* _Material for this task_:
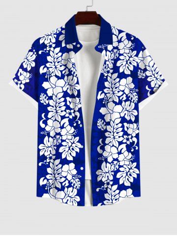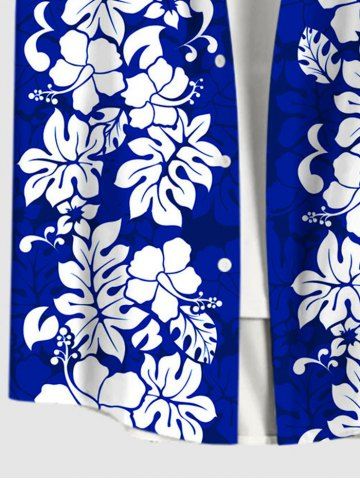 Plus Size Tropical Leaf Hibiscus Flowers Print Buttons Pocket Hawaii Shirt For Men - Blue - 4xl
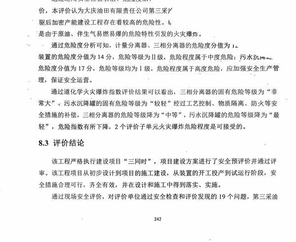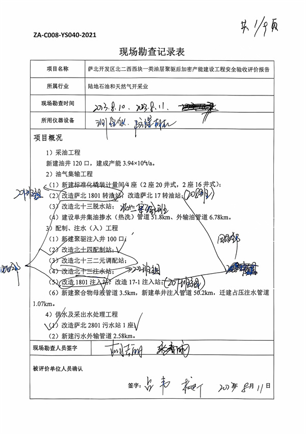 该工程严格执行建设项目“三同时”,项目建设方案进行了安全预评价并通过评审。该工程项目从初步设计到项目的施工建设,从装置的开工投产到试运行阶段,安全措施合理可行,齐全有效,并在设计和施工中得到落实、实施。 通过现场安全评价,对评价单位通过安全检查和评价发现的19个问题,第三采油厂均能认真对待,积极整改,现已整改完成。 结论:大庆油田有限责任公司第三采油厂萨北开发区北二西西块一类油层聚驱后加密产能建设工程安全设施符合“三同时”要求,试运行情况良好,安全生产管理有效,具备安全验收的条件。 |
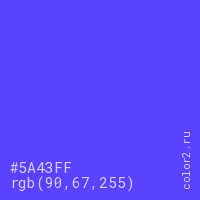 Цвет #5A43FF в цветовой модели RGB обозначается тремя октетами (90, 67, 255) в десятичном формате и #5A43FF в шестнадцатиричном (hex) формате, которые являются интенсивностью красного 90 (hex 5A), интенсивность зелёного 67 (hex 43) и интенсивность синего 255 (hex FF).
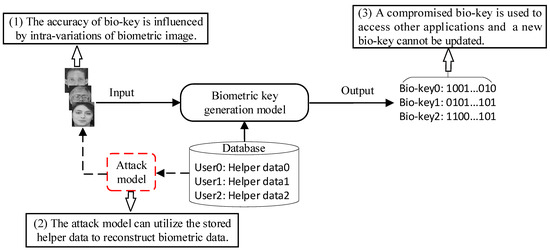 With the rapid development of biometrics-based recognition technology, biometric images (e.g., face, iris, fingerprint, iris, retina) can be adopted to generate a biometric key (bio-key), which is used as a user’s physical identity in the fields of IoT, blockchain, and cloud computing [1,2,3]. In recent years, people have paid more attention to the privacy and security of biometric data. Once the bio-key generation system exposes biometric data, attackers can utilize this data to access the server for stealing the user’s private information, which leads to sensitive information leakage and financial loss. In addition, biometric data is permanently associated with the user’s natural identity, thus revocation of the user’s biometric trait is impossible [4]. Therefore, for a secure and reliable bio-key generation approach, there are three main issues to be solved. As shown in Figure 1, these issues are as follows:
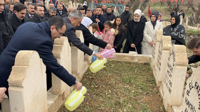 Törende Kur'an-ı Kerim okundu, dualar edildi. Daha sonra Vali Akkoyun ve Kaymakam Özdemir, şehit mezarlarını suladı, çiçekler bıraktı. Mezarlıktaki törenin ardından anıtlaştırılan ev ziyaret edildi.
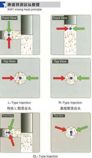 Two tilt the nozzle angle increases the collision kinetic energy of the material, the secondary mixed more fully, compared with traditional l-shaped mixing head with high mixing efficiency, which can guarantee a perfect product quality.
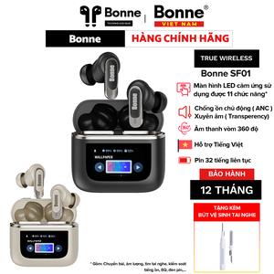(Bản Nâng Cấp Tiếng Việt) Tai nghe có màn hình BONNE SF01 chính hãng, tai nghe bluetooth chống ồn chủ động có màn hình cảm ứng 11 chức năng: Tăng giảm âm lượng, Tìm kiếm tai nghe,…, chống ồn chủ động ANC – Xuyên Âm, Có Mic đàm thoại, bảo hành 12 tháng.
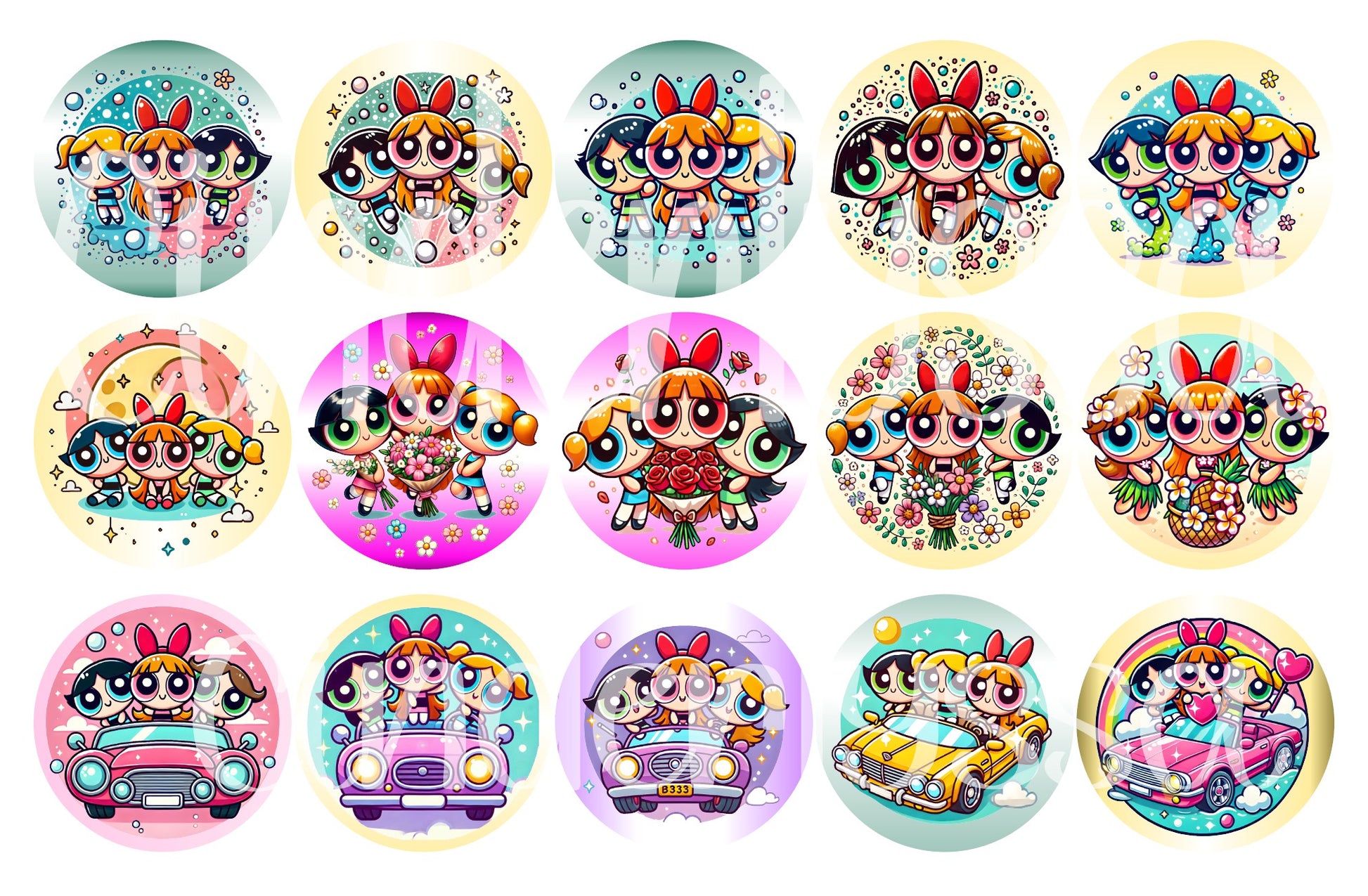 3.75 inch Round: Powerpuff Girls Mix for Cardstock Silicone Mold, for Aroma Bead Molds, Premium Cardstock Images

* _What the exercise asks_:
Only the lines from the one that holds "Törende Kur'an-ı Kerim" through the final line of the material should be reproduced, word for word, with the pictures omitted.

* _Result for this task_:
 Törende Kur'an-ı Kerim okundu, dualar edildi. Daha sonra Vali Akkoyun ve Kaymakam Özdemir, şehit mezarlarını suladı, çiçekler bıraktı. Mezarlıktaki törenin ardından anıtlaştırılan ev ziyaret edildi.
 Two tilt the nozzle angle increases the collision kinetic energy of the material, the secondary mixed more fully, compared with traditional l-shaped mixing head with high mixing efficiency, which can guarantee a perfect product quality.
(Bản Nâng Cấp Tiếng Việt) Tai nghe có màn hình BONNE SF01 chính hãng, tai nghe bluetooth chống ồn chủ động có màn hình cảm ứng 11 chức năng: Tăng giảm âm lượng, Tìm kiếm tai nghe,…, chống ồn chủ động ANC – Xuyên Âm, Có Mic đàm thoại, bảo hành 12 tháng.
 3.75 inch Round: Powerpuff Girls Mix for Cardstock Silicone Mold, for Aroma Bead Molds, Premium Cardstock Images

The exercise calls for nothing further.